What you have to do —
For this exercise, retype the lines from the one that holds "Read moreIt looked" through the one that holds "산부추, 핑크뮬리, 댑싸리가 어우러진 풍광" in the records below, both included, exactly and without pictures.

Data provided —
══════
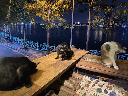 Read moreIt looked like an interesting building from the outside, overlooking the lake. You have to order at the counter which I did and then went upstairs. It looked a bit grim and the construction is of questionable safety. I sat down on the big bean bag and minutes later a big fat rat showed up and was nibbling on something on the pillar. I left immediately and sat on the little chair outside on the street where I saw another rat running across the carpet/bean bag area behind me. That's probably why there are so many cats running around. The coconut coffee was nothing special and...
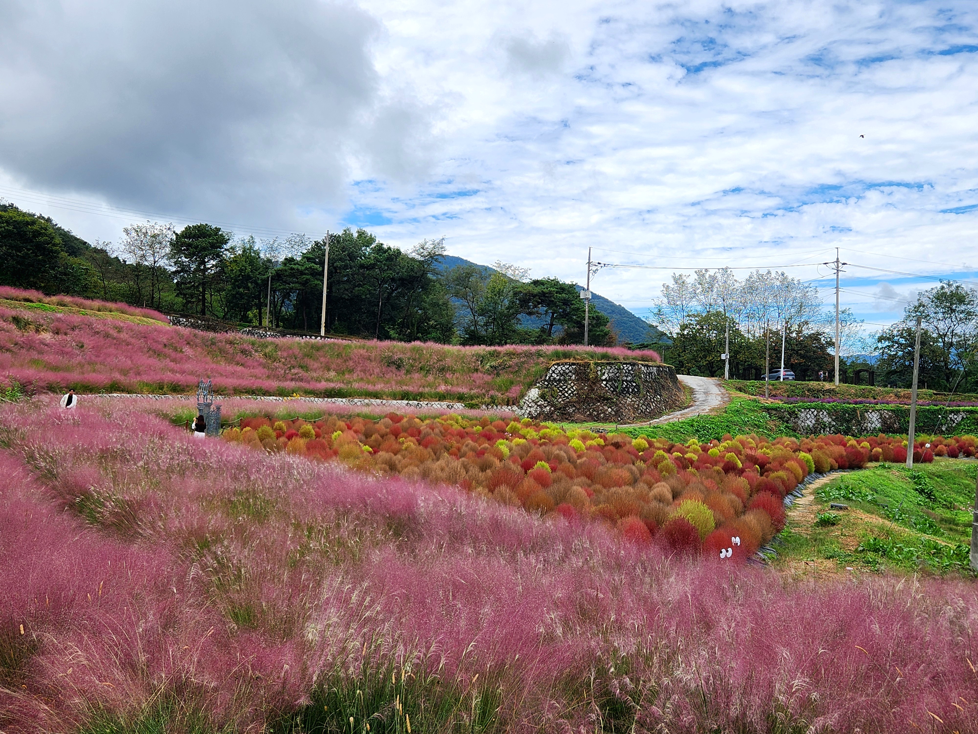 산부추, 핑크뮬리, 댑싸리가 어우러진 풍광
══════
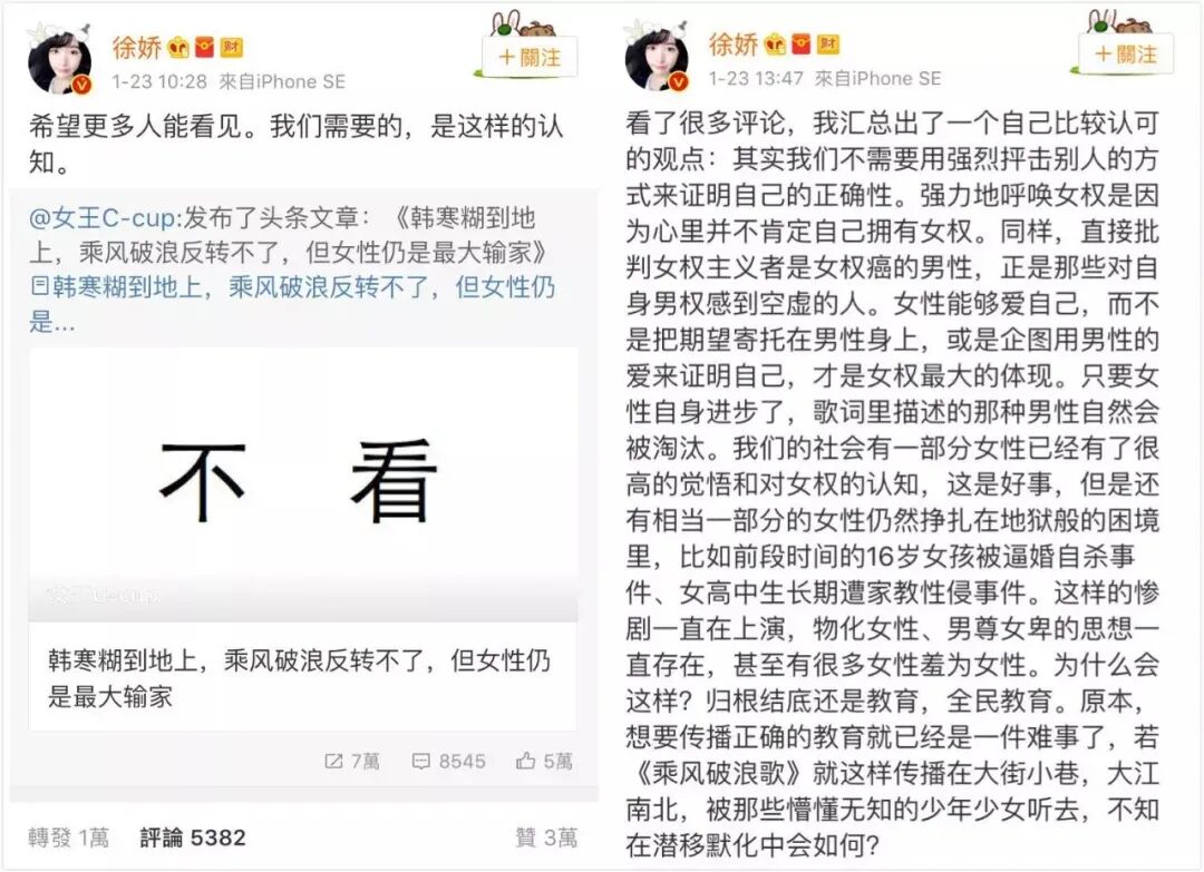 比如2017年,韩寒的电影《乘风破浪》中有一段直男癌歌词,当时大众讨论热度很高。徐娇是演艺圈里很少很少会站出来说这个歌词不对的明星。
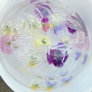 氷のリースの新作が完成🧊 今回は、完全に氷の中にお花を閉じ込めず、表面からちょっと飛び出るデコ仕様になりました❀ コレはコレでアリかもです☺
══════
Solution to the exercise —
 Read moreIt looked like an interesting building from the outside, overlooking the lake. You have to order at the counter which I did and then went upstairs. It looked a bit grim and the construction is of questionable safety. I sat down on the big bean bag and minutes later a big fat rat showed up and was nibbling on something on the pillar. I left immediately and sat on the little chair outside on the street where I saw another rat running across the carpet/bean bag area behind me. That's probably why there are so many cats running around. The coconut coffee was nothing special and...
 산부추, 핑크뮬리, 댑싸리가 어우러진 풍광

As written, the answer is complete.